The deal was announced on Friday and the CMA will already be poring over the details of Tesco’s proposal.
“We’ll engage with them over the next few days and weeks,” said Tesco Chief Executive Dave Lewis.
After a short period the CMA will formally confirm the start of a Phase 1 investigation, inviting interested parties to comment.
That will be the chance for competing retailers, wholesalers, foodservice providers and their respective supply chains to make their representations.
After up to 40 working days the CMA could clear the deal, ask Tesco and Booker to offer “undertakings in lieu” or concessions to avoid a more detailed Phase 2 investigation, or refer the deal to a Phase 2 probe.
Analysts see referral to an in-depth Phase 2 investigation as inevitable.
If that inquiry, which lasts up to 24 weeks, does not find a lessening of competition, the transaction will be cleared. If a lessening of competition is found, the CMA can either seek remedies or block the deal.
Lewis said that as the deal was essentially a retailer and a wholesaler coming together it was not an acquisition of stores and therefore not detrimental to competition.
“What we think will happen is by coming together ... independent retailers get a better deal here than perhaps they do on a standalone basis,” he said.

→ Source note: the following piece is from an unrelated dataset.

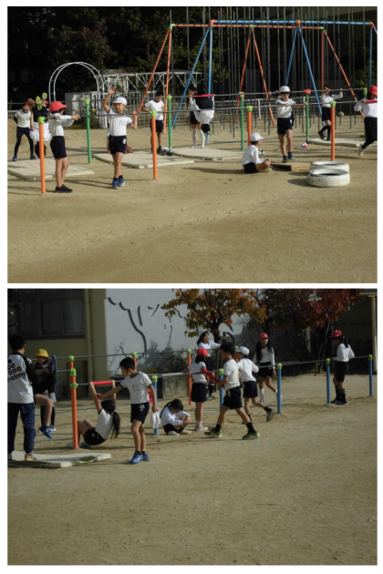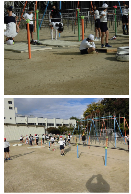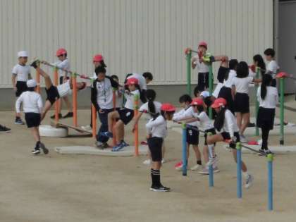 鉄棒運動が得意な子が、苦手な子にコツを伝えていました。
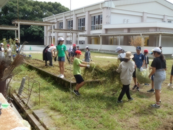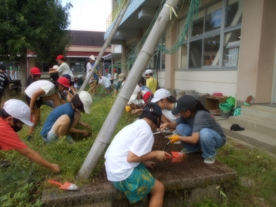 雑草が生い茂り、木々の枝が鬱蒼としていた学校の広場や花壇が、先週の児童による除草作業や本日の退職校長会による剪定作業で見違えるほどすっきりきれいになりました。本日は退職校長会より奥薗和司元校長先生(天の原小)をはじめ、11名の元校長先生が来てくださり、体育館前のソテツの剪定や東側の学校敷地へ伸びてきている枝の剪定、運動場東側の遊具周りや南門周りの雑草・雑木刈り等をしていただいています。11名の元校長先生方、暑い中の作業、ありがとうございました。

Booker CEO Charles Wilson said the deal was “pro-competition”, with benefits for consumers and customers who will see better choice, prices and service.
“We’ve had good advice on this and that’s why we think we’ve got a very compelling story to take them (the CMA) through,” he said.
“Some retailers will welcome this, others will be concerned about competing with stores supplied through the merged Booker and Tesco business, and some will be uneasy at the prospect of working in partnership with one of their biggest historical competitors,” said James Lowman, CEO of the Association of Convenience Stores.
Tesco and Booker said they do not expect the deal to become effective until late 2017 or early 2018. That’s a big clue that they expect the deal to be referred to a Phase 2 probe.